*Information provided*
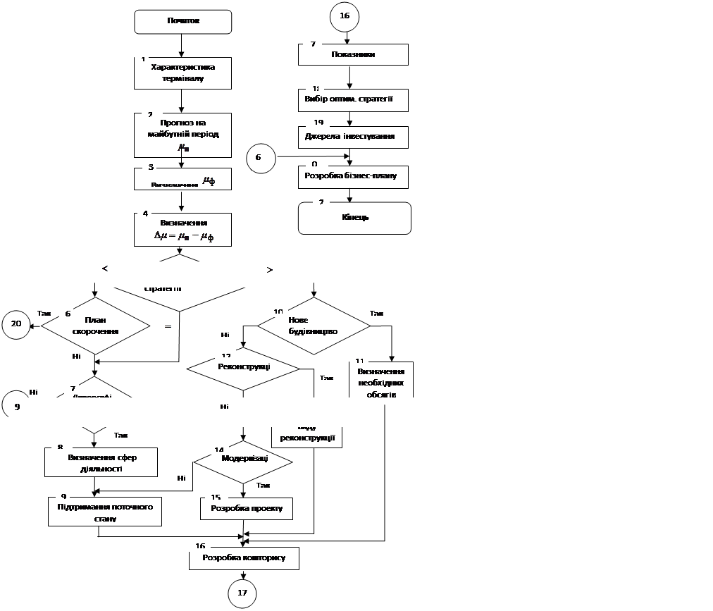 1) Якщо немає можливості завантажити виробничі потужності, тобто відкрити перспективні рейси, утримання терміналу не має економічного сенсу, необхідно обрати стратегію ліквідації або згортання діяльності (блок 6) в цьому випадку моделювання припиняється, управління передається до блоку 21, який відповідає за розробку плану скорочення.
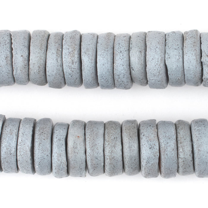Checkout this beautiful strand of Ashanti glass saucer beads. The process of making these beads is unique to Africa and has been used for over 1000 years. Pulverized glass of various colors is poured into a clay mold, using a cassava stem for the bead's hole. The mold is placed in a furnace and heated until the glass particles congeal without actually melting and the stem burns out. The Ghanaians have been making beads in this manner since the 1600s. Each bead measures approximately 6 x 17-18mm with a hole size of approximately 3-4mm. You will receive a full strand measuring approximately 28".
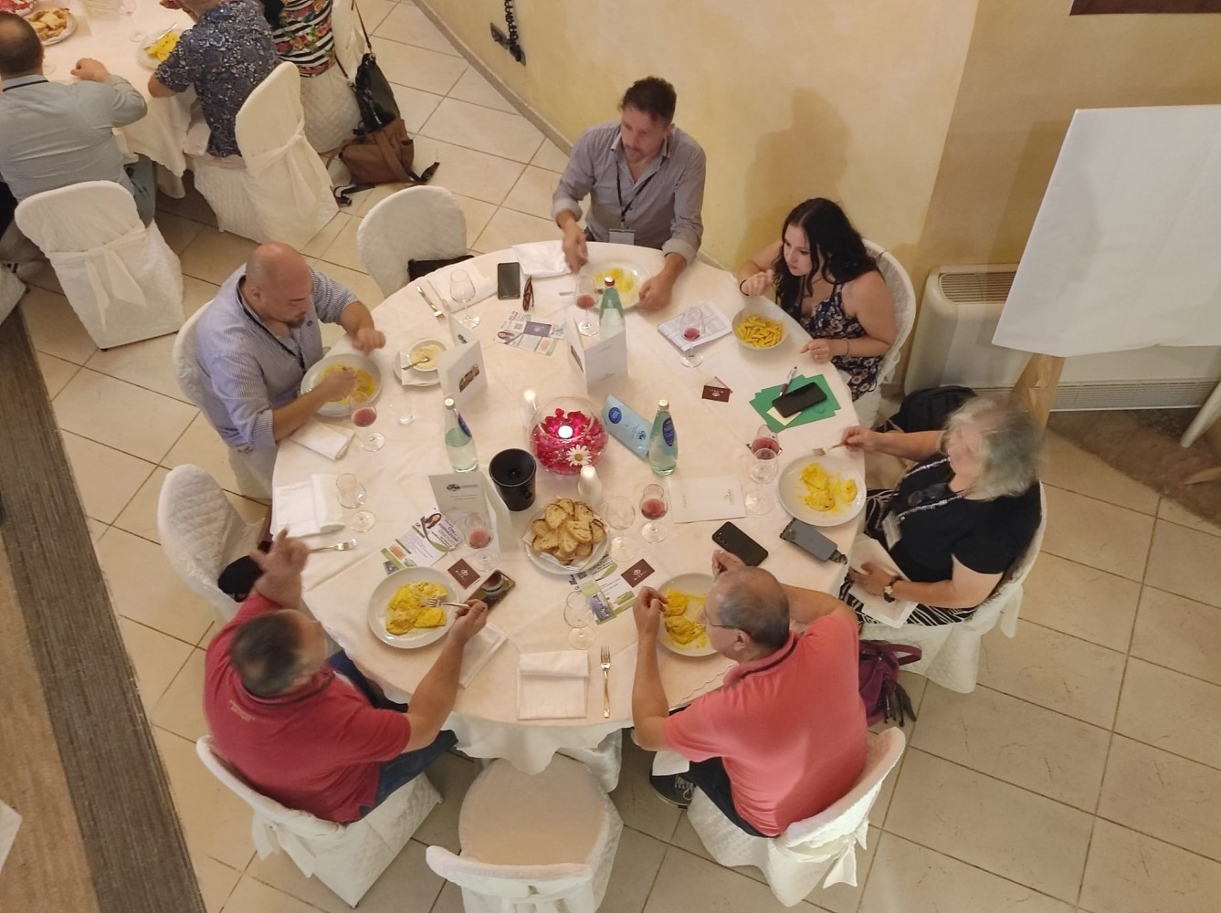 L'iniziativa, che potrebbe presto essere replicata in altre realtà territoriali, si è tenuta alla Dora Sarchese Winery di Ortona. Singolare la modalità di svolgimento di un evento alla cui realizzazione hanno dato un originale contributo la vicepresidente di CNA Giovani Imprenditori Abruzzo, Daniela Giangreco, e l'attore Marcello Sacerdote con il suo "Cuntaterra": tra una portata e l'altra, tutti i commensali cambiano tavolo, mischiandosi tra loro: nuovi incontri, altre idee, altre esperienze a confronto. Diversi i dirigenti presenti all'incontro: il presidente e il direttore regionali di CNA Abruzzo, Savino Saraceni e Graziano Di Costanzo, il presidente e la direttrice della CNA di Chieti, Giuseppe Troilo e Letizia Scastiglia.
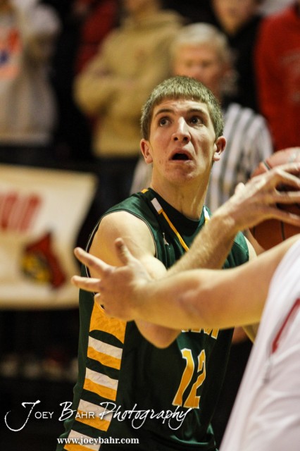 Pratt Greenback Brandon Ruckle (#12) looks to take a shot during the Pratt Greenbacks at Hoisington Cardinals Boys Basketball game with Pratt winning 66 to 34 at Hoisington Activity Center in Hoisington, Kansas on January 6, 2015. (Photo: Joey Bahr, www.joeybahr.com)
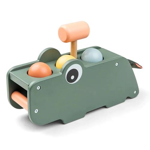 Met de Done By Deer Croco Hamerbankje - Green ontwikkelt je kindje de hand- oog coördinatie op een speelse manier. In het bankje passen drie gekleurde balletjes die je kindje er met het hamertje in kan slaan. Als je kindje de balletjes er in heeft geslagen, komen ze er aan de onderkant uit rollen. Dankzij de vrolijke kleurtjes wordt je kindje uitgedaagd met de hamerbank te spelen. De hamerbank is gemaakt van hoogwaardig materiaal en bestaat uit een hamerbank, drie balletjes en een hamertje.
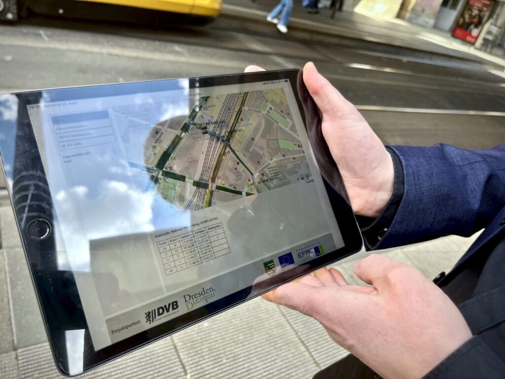 Das System ist eine Gemeinschaftsproduktion der Landeshauptstadt Dresden (LHD), vom Straßen- und Tiefbauamt (STA), der Technischen Universität Dresden (TUD) und den Dresdener Verkehrsbetrieben (DVB). Die Entwicklungskosten konnten mit rund 108.000 Euro gering gehalten werden, da die technischen Voraussetzungen bereits im Rahmen eines anderen Gemeinschaftsprojekts von STA und DVB zur Optimierung der Ampelsteuerungen geschaffen wurden. Das aktuelle Projekt wurde mit 75 Prozent, 81.000 Euro aus dem europäischen Fonds zur regionalen Entwicklung (EFRE) gefördert. Rund 27.000 Euro beträgt der Eigenanteil. „Die DVB sind mit diesem Projekt Vorreiter für die Branche zur Nutzung digitaler und innovativer Anwendungen zur Verbesserung des ÖPNV. Diese Haltestellenpositionsanzeige im städtischen Nahverkehr gibt es europaweit in Leipzig und Dresden“, so Pressesprecher Falk Lösch.
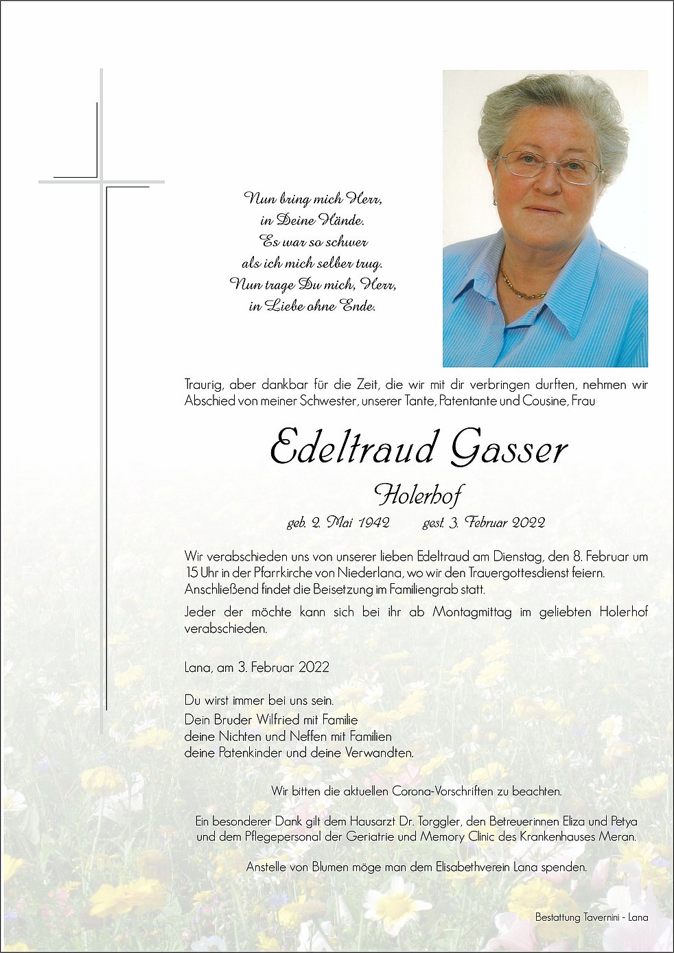 Unser aufrichtiges Beileid zum Ableben deiner lieben Schwester Edeltraud. Ich werde sie immer in guter Erinnerung behalten und wünsche euch viel Kraft.
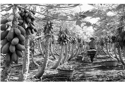 徐闻农业发展方式的转变要追溯到1998年。当年,广东省委在徐闻召开雷州半岛改水治旱现场会,提出了“扩库硬渠上井群,改善生态调结构”的治旱方向。随后,徐闻全境展开了全民治旱行动,其中打井抽水灌溉成为广大农村最广泛采用、最有效的治旱手段之一。几年间,徐闻近100万亩的耕地上打了大小口径机井。随着汩汩清泉地下来,干裂的田野变绿了,大面积的北运菜、香蕉等高效作物代替了原先只能旱地种植的低效作物,农民大幅增收。
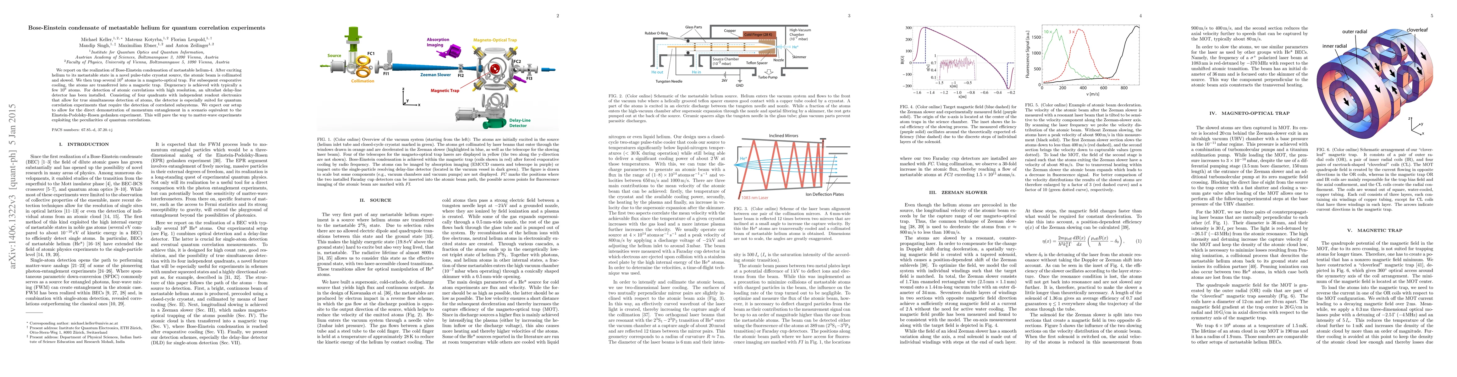Researchers have successfully condensed metastable helium-4 atoms into a Bose-Einstein condensate using a novel pulse-tube cryostat source, enabling high-resolution quantum correlation experiments. An ultrafast delay-line detector with four quadrants facilitates the detection of atomic correlations, paving the way for demonstrating momentum entanglement.
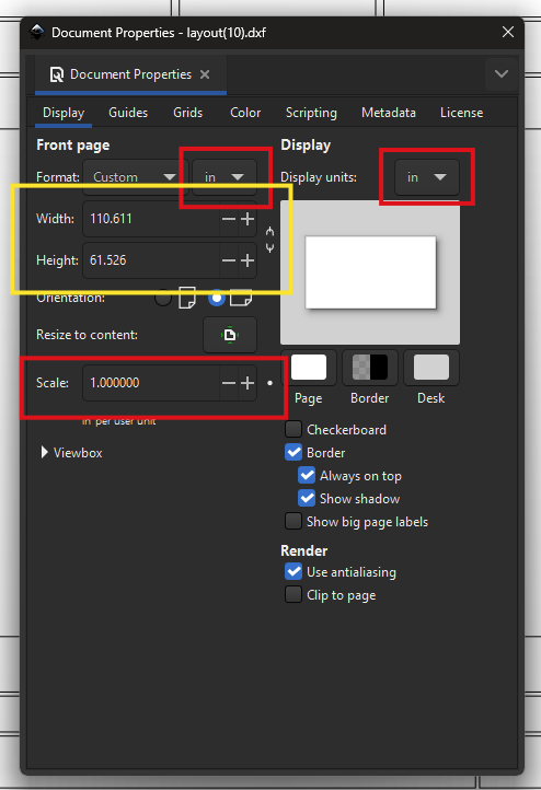 I set the scale to 1 DPI, and the format/display units to inches (if you’re entering measurements in mm on the web tool, try mm.). That’s all the red boxes.
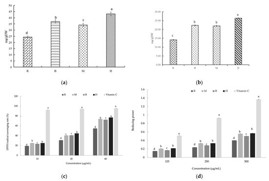 Functional components content and antioxidant activity of roasted Euryale ferox seed (EFS) flour. (a) Total phenolics content (TPC), (b) flavonoid content (TFC), (c) reducing power, and (d) DPPH free radical scavenging rate (%). R: Raw; M: Microwave; B: Baking; H: Industrial infrared heating-assisted fluidized bed (IHFH). Different lowercase letters represent significant differences (p < 0.05).
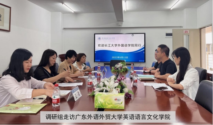 6月12日上午,调研组继续走访广东外语外贸大学英语语言文化公司和国际商务英语公司。英语语言文化公司副经理吴庄教授、语言信息系主任陈哲副教授和英美文化系主任许景城博士出席座谈会,双方就人才培养方案、第二课堂活动、教学改革、科研发展及访问学者项目等议题进行了深入探讨。
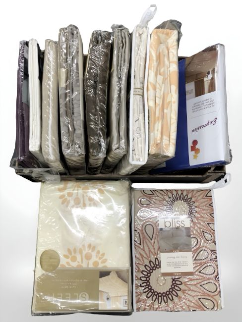 Eleven packs of new bedding including double duvet cover with pillow cases, multipack of duvet cover, pillow cases and curtains with tiebacks, etc.

*What you need to do*
Omit every picture, then repeat the remaining data exactly as it appears above.

*Task result*
 1) Якщо немає можливості завантажити виробничі потужності, тобто відкрити перспективні рейси, утримання терміналу не має економічного сенсу, необхідно обрати стратегію ліквідації або згортання діяльності (блок 6) в цьому випадку моделювання припиняється, управління передається до блоку 21, який відповідає за розробку плану скорочення.
Checkout this beautiful strand of Ashanti glass saucer beads. The process of making these beads is unique to Africa and has been used for over 1000 years. Pulverized glass of various colors is poured into a clay mold, using a cassava stem for the bead's hole. The mold is placed in a furnace and heated until the glass particles congeal without actually melting and the stem burns out. The Ghanaians have been making beads in this manner since the 1600s. Each bead measures approximately 6 x 17-18mm with a hole size of approximately 3-4mm. You will receive a full strand measuring approximately 28".
 L'iniziativa, che potrebbe presto essere replicata in altre realtà territoriali, si è tenuta alla Dora Sarchese Winery di Ortona. Singolare la modalità di svolgimento di un evento alla cui realizzazione hanno dato un originale contributo la vicepresidente di CNA Giovani Imprenditori Abruzzo, Daniela Giangreco, e l'attore Marcello Sacerdote con il suo "Cuntaterra": tra una portata e l'altra, tutti i commensali cambiano tavolo, mischiandosi tra loro: nuovi incontri, altre idee, altre esperienze a confronto. Diversi i dirigenti presenti all'incontro: il presidente e il direttore regionali di CNA Abruzzo, Savino Saraceni e Graziano Di Costanzo, il presidente e la direttrice della CNA di Chieti, Giuseppe Troilo e Letizia Scastiglia.
 Pratt Greenback Brandon Ruckle (#12) looks to take a shot during the Pratt Greenbacks at Hoisington Cardinals Boys Basketball game with Pratt winning 66 to 34 at Hoisington Activity Center in Hoisington, Kansas on January 6, 2015. (Photo: Joey Bahr, www.joeybahr.com)
 Met de Done By Deer Croco Hamerbankje - Green ontwikkelt je kindje de hand- oog coördinatie op een speelse manier. In het bankje passen drie gekleurde balletjes die je kindje er met het hamertje in kan slaan. Als je kindje de balletjes er in heeft geslagen, komen ze er aan de onderkant uit rollen. Dankzij de vrolijke kleurtjes wordt je kindje uitgedaagd met de hamerbank te spelen. De hamerbank is gemaakt van hoogwaardig materiaal en bestaat uit een hamerbank, drie balletjes en een hamertje.
 Das System ist eine Gemeinschaftsproduktion der Landeshauptstadt Dresden (LHD), vom Straßen- und Tiefbauamt (STA), der Technischen Universität Dresden (TUD) und den Dresdener Verkehrsbetrieben (DVB). Die Entwicklungskosten konnten mit rund 108.000 Euro gering gehalten werden, da die technischen Voraussetzungen bereits im Rahmen eines anderen Gemeinschaftsprojekts von STA und DVB zur Optimierung der Ampelsteuerungen geschaffen wurden. Das aktuelle Projekt wurde mit 75 Prozent, 81.000 Euro aus dem europäischen Fonds zur regionalen Entwicklung (EFRE) gefördert. Rund 27.000 Euro beträgt der Eigenanteil. „Die DVB sind mit diesem Projekt Vorreiter für die Branche zur Nutzung digitaler und innovativer Anwendungen zur Verbesserung des ÖPNV. Diese Haltestellenpositionsanzeige im städtischen Nahverkehr gibt es europaweit in Leipzig und Dresden“, so Pressesprecher Falk Lösch.
 Unser aufrichtiges Beileid zum Ableben deiner lieben Schwester Edeltraud. Ich werde sie immer in guter Erinnerung behalten und wünsche euch viel Kraft.
 徐闻农业发展方式的转变要追溯到1998年。当年,广东省委在徐闻召开雷州半岛改水治旱现场会,提出了“扩库硬渠上井群,改善生态调结构”的治旱方向。随后,徐闻全境展开了全民治旱行动,其中打井抽水灌溉成为广大农村最广泛采用、最有效的治旱手段之一。几年间,徐闻近100万亩的耕地上打了大小口径机井。随着汩汩清泉地下来,干裂的田野变绿了,大面积的北运菜、香蕉等高效作物代替了原先只能旱地种植的低效作物,农民大幅增收。
Researchers have successfully condensed metastable helium-4 atoms into a Bose-Einstein condensate using a novel pulse-tube cryostat source, enabling high-resolution quantum correlation experiments. An ultrafast delay-line detector with four quadrants facilitates the detection of atomic correlations, paving the way for demonstrating momentum entanglement.
 I set the scale to 1 DPI, and the format/display units to inches (if you’re entering measurements in mm on the web tool, try mm.). That’s all the red boxes.
 Functional components content and antioxidant activity of roasted Euryale ferox seed (EFS) flour. (a) Total phenolics content (TPC), (b) flavonoid content (TFC), (c) reducing power, and (d) DPPH free radical scavenging rate (%). R: Raw; M: Microwave; B: Baking; H: Industrial infrared heating-assisted fluidized bed (IHFH). Different lowercase letters represent significant differences (p < 0.05).
 6月12日上午,调研组继续走访广东外语外贸大学英语语言文化公司和国际商务英语公司。英语语言文化公司副经理吴庄教授、语言信息系主任陈哲副教授和英美文化系主任许景城博士出席座谈会,双方就人才培养方案、第二课堂活动、教学改革、科研发展及访问学者项目等议题进行了深入探讨。
 Eleven packs of new bedding including double duvet cover with pillow cases, multipack of duvet cover, pillow cases and curtains with tiebacks, etc.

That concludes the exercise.